I love crochet, but nothing is as beautiful as knitting. I knew my mom knew how, but she hadn't knitted in so long, she could hardly remember, so I searched online and came across http://www.knittinghelp.com/. I learned how to cast on, knit, and purl, and found a free pattern for a weird monster stuffed animal at Joann's (aka Project 0), which I have yet to finish.

Since then, I've learned papertole and started a needlepoint project (also unfinished), but most recently I've gone back to knitting. I've collected all of the free patterns from Meijer, Joann's, and Michael's, as well as borrowed a book from the library and found MANY patterns online. I have a knitting book that I absolutely love, and would probably learn something from if I would actually READ it (I love reading and have SO many other things to read!), but you don't get mediocre at things by reading about them and practicing them!

Curious about all of my crafting experience?
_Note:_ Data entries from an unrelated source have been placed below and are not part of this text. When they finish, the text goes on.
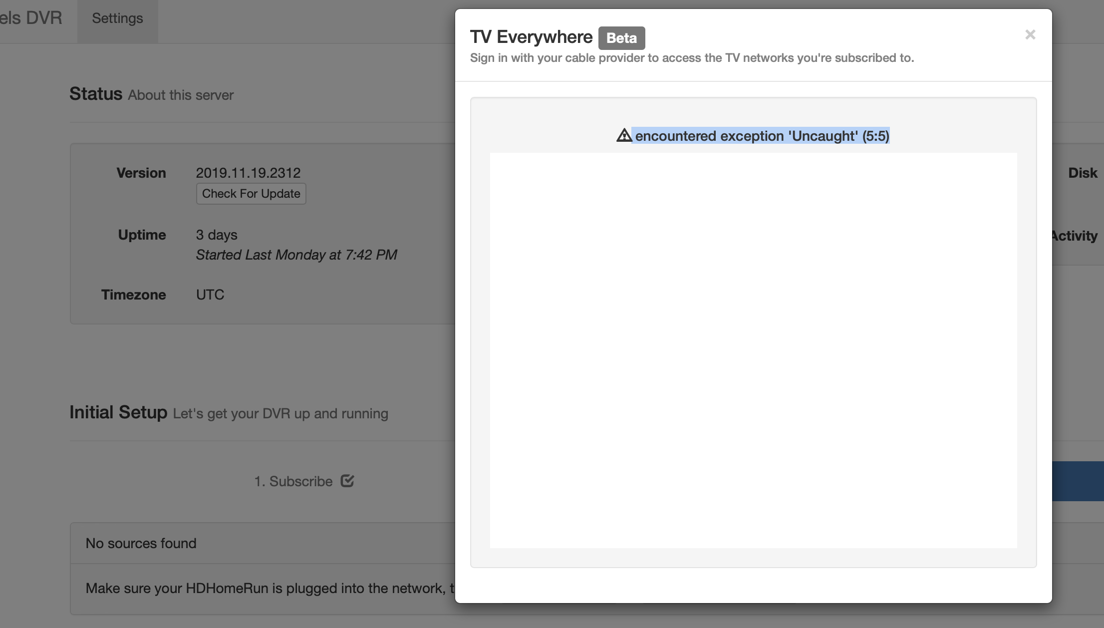 2019/11/30 08:31:07 [SYS] Starting Channels DVR v2019.11.19.2312 (linux-x86_64 pid:1) in /channels-dvr/data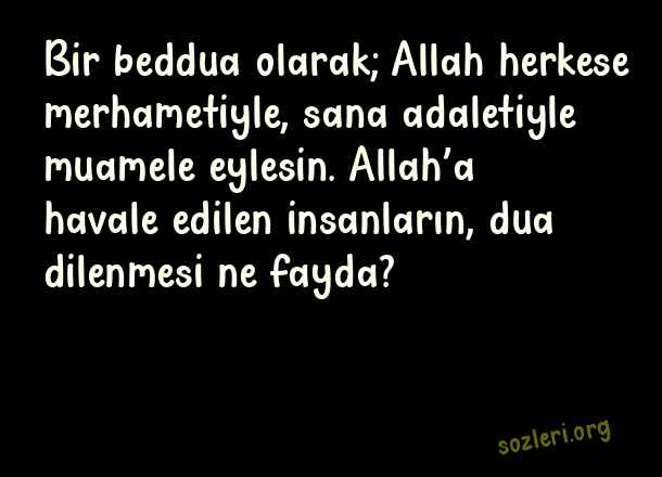 Bir beddua olarak; Allah herkese merhametiyle, sana adaletiyle muamele eylesin. Allah’a havale edilen insanların, dua dilenmesi ne fayda? ( Allah Büyük )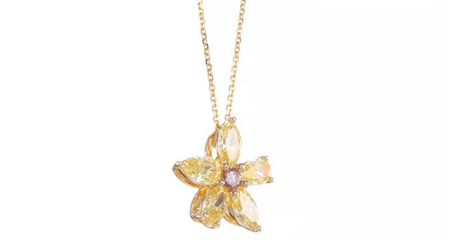 A beautiful multicolored floral style drop diamond pendant, featuring fancy yellow mix shape diamonds, total weight 1.19cts. The flower is accented with a fancy intense orangy pink brilliant center diamond, and the pendant is mounted in 18K yellow and rose gold. For more information about this item please contact our customer service department.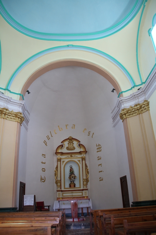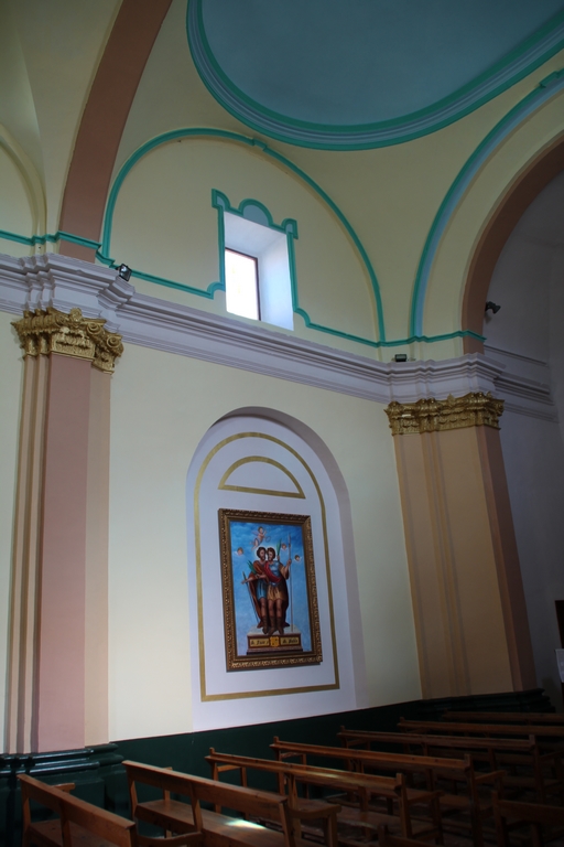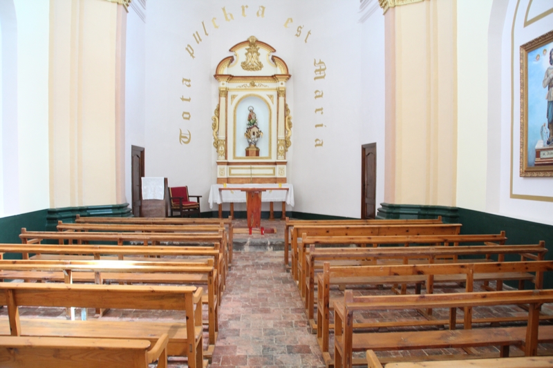 El acceso se realiza mediante un atrio de planta cuadrada y tres arcos de medio punto, con moldura continua a la altura del dintel. Al interior, cuenta con un ábside cubierta con bóveda de medio cuarto, y una nave única cubierta con una cúpula rebajada sobre pechinas. Como es propio del estilo barroco, los muros están decorados con pilastras con capiteles vegetales y líneas de imposta con molduras rectas.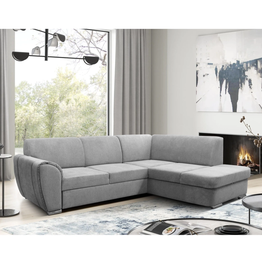 Rozkładany narożnik z pojemnikiem w kształcie L SERPA prawostronny szary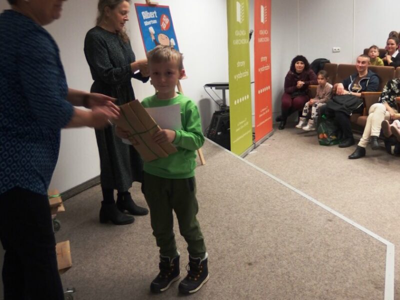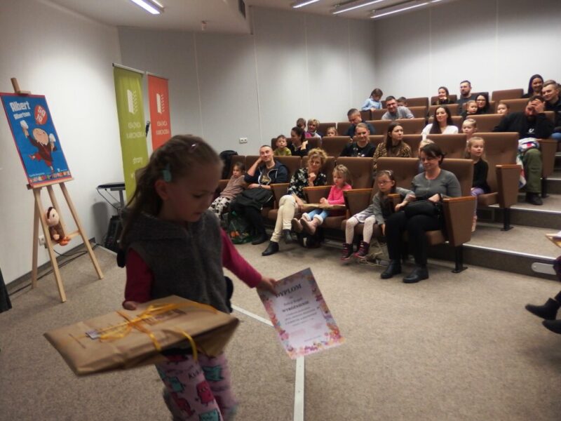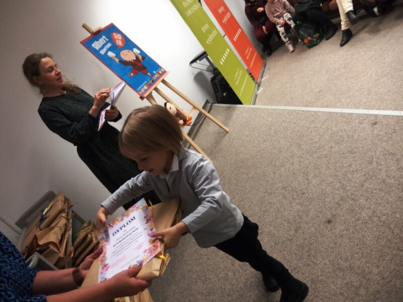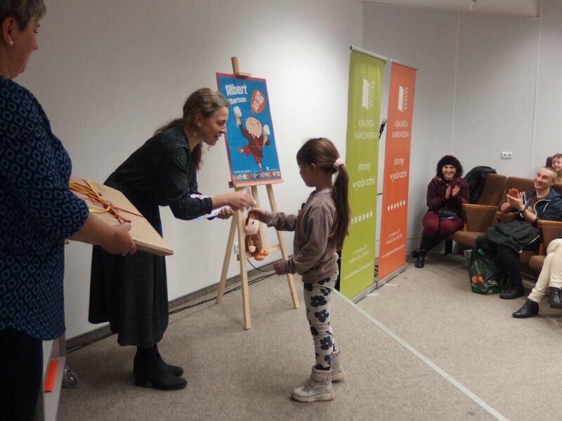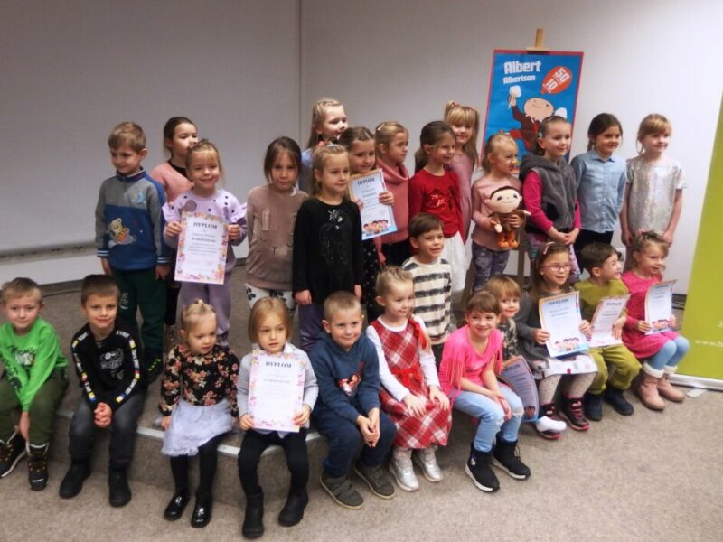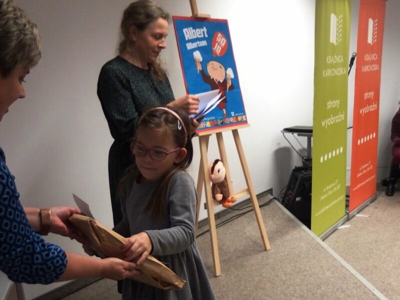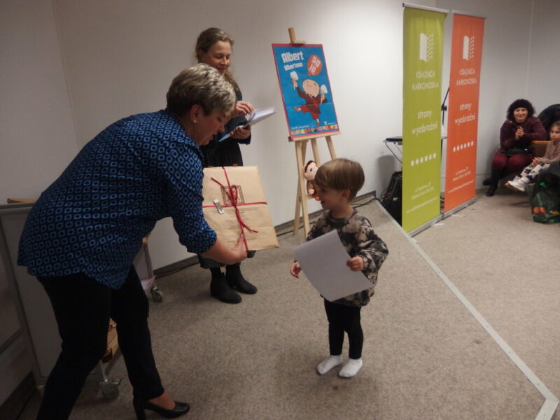 Tegoroczne targi książki regionalnej „Książka pod choinkę z dedykacją” przyniosły również wiele emocji naszym najmłodszym Czytelnikom. Podczas tego wydarzenia poznaliśmy laureatów konkursu plastycznego „Moja jesienna przygoda z Albertem Albertsonem”, wręczyliśmy młodym artystom  nagrody i wyróżnienia, podziwialiśmy nagrodzone prace na wernisażu, kosztując słodkie przysmaki. Tym samym oficjalnie zakończyliśmy nasz projekt LISTOPAD Z ALBERTEM, w którym mogliśmy poznać bliżej bohatera nietuzinkowej szwedzkiej serii autorstwa Gunilli Bergstrom – dzięki wystawie Wydawnictwa Zakamarki „Niech żyje Albert Albertson!”oraz specjalnie przygotowanym na tę okoliczność zajęć literacko-plastycznych dla grup przedszkoli jeleniogórskich.
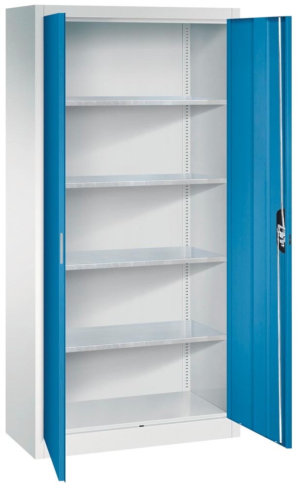 Werkzeugschrank, 4 Fachböden verzinkt, RAL 7035/5010, BxTxH 1200x400x1950 mm, Traglast 70 kg/Boden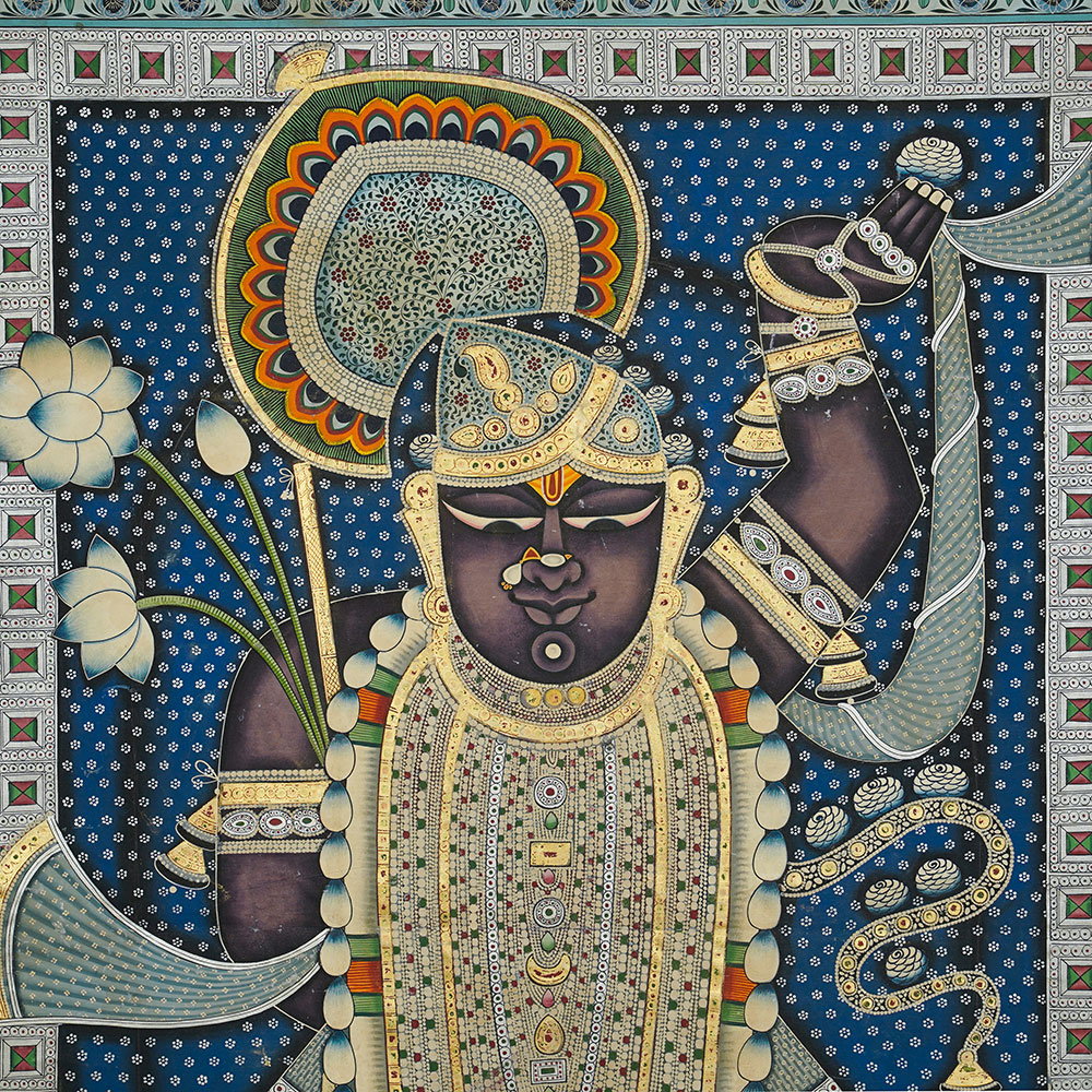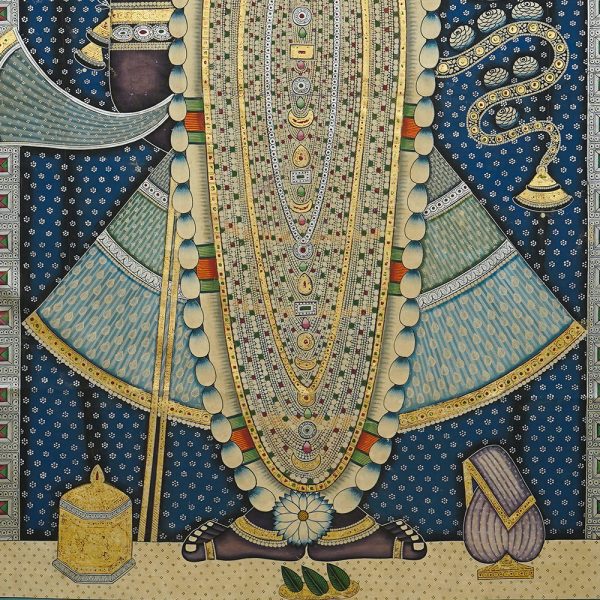 In Nathdwara, Rajasthan, and other Pushtimarg places, they are Textiles hanging behind the idol of Shrinathji, a seven-year-old infant version of Krishna. They set the tone (bhava) for festivals or events on the Vallabhacharya Sampradaya or sect’s liturgical calendar by serving as both a theatrical backdrop and a religious image.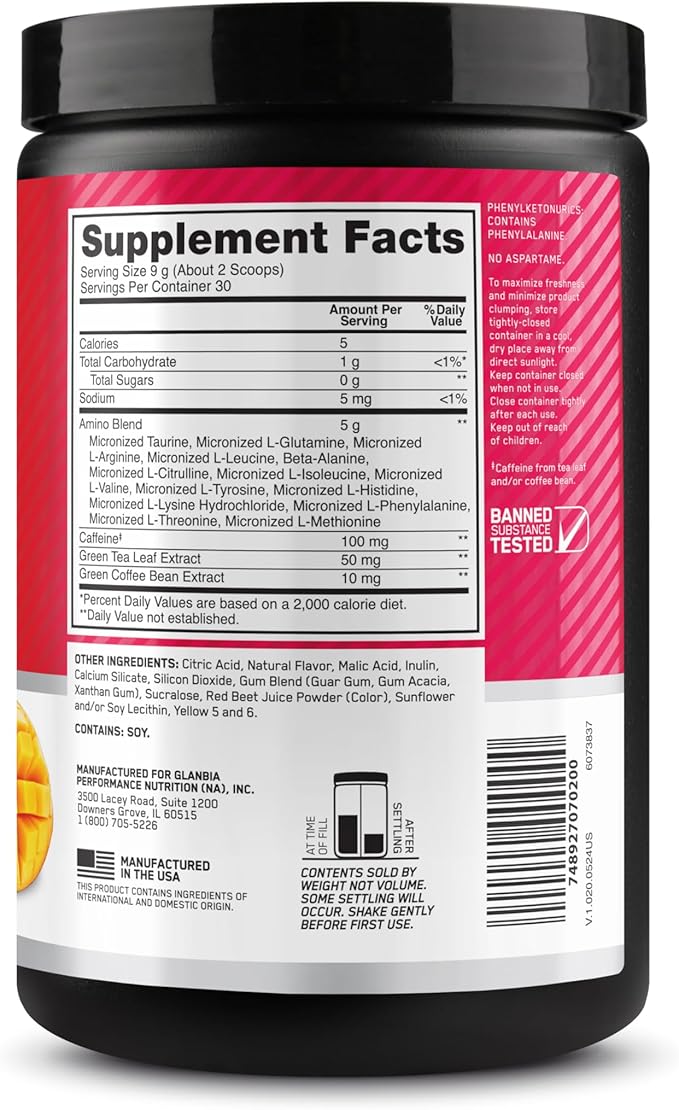 Optimum Nutrition New Flavor Amino Energy - Pre Workout with Green Tea, BCAA, Amino Acids, Keto Friendly, Green Coffee Extract, Energy Powder - Peach Mango Tango, 30 Servings (Packaging May Vary)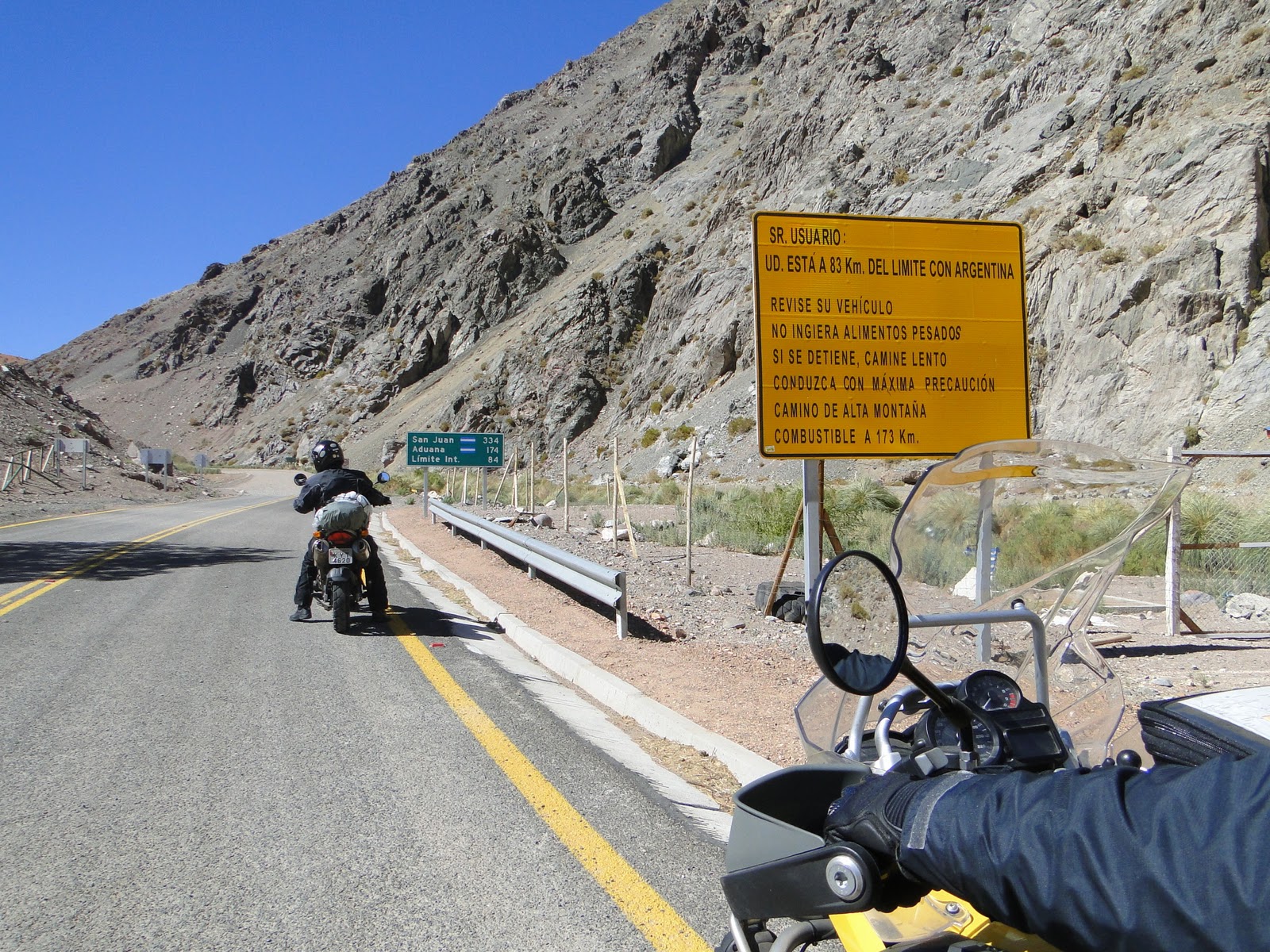 bem o caminho. Voltei atrás de ajuda e encontrei um posto avançado da gendameria (policia) com 3 policiais, um deles fardado (meio abestalhado). Os outros 2 me deram água (quentíssima, que não consegui beber) e fizeram contato, por rádio, com sua base que ficava na alfândega/aduana argentina, mais adiante, informando a situação. Me disseram que só poderiam prestar socorro se houvessem vitimas e que eu deveria ir até essa base buscar ajuda (só mais 20km de rípio e 40km de estrada asfaltada). Moleza para quem estava cansado, "resfolegando", com fome, com sede e preocupado com os amigos. E lá fui eu aos trancos e barrancos (sem trocadilho, pois se desse mole o vento me jogava no abismo ou contra as paredes de pedra e gêlo do morro - bem que ele tentou). Mas o que são 4.000 m.s.n.m para quem foi PQD, só que nunca havia saltado de moto e sem paraquedas (ia ser a minha primeira experiência).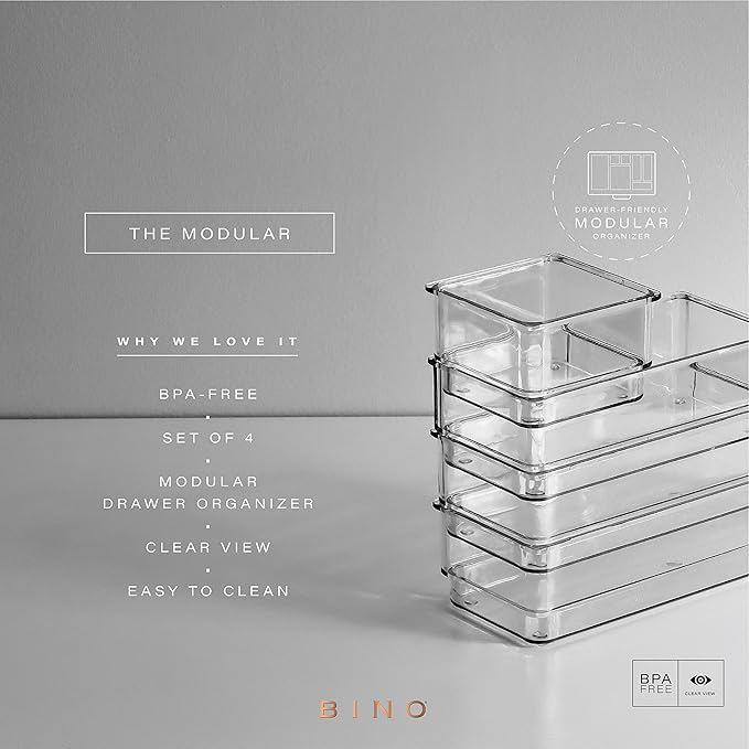 BINO 4-Piece Modular Drawer Bin Set | Bathroom & Vanity Drawer Organizer Trays - Small

Here's the short version (in no particular order):
  • Knitting
  • Crochet
  • Sewing
  • Paper tole
  • Decoupage
  • Painting
  • Photography
  • Cross stitch
  • Needlepoint
  • Painting pottery
  • Pottery making
  • Drawing
  • Writing (I consider it a craft)
  • Scrapbooking
  • Random paper-crafts
  • And home decorating
I also collect bottle caps, wind-up toys, knives, books, banks, and dry-erase boards.